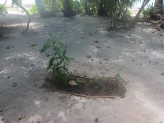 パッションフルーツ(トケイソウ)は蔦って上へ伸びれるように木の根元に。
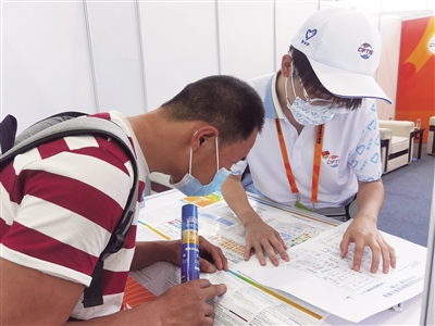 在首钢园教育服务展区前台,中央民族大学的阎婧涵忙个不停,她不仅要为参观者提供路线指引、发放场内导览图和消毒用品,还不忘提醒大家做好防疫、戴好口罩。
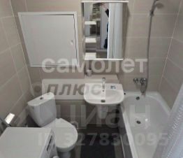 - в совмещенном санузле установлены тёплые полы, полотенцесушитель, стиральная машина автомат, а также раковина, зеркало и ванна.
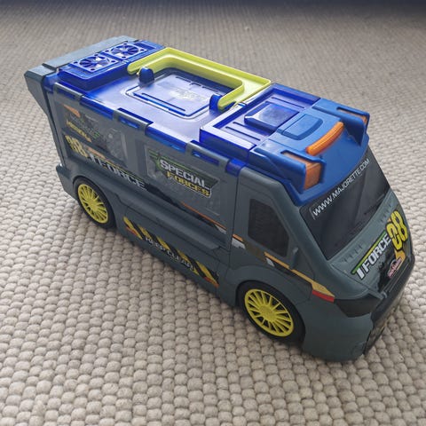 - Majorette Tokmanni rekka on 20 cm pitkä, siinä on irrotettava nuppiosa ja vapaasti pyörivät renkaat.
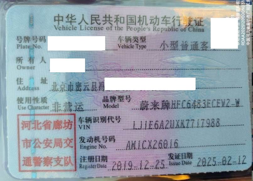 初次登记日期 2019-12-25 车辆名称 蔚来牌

---

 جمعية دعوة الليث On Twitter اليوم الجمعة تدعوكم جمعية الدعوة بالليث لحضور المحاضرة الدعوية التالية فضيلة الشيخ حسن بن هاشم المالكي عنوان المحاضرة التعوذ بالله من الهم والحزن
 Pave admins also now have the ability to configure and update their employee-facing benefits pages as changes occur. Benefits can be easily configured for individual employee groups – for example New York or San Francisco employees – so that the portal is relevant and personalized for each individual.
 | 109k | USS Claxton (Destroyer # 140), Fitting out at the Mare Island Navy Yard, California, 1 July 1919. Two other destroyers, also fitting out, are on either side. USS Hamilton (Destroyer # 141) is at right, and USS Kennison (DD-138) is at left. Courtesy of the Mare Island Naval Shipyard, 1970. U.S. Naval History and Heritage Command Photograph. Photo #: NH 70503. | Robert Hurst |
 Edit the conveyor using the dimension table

→ **PROBLEM REQUIREMENTS**
Starting at the line with "- в совмещенном" in the entries above, write out every line exactly until the line with "初次登记日期 2019-12-25 车辆名称 蔚来牌" has been written. Include no pictures and nothing more.

→ **SOLUTION FOR THIS PROBLEM**
 - в совмещенном санузле установлены тёплые полы, полотенцесушитель, стиральная машина автомат, а также раковина, зеркало и ванна.
 - Majorette Tokmanni rekka on 20 cm pitkä, siinä on irrotettava nuppiosa ja vapaasti pyörivät renkaat.
 初次登记日期 2019-12-25 车辆名称 蔚来牌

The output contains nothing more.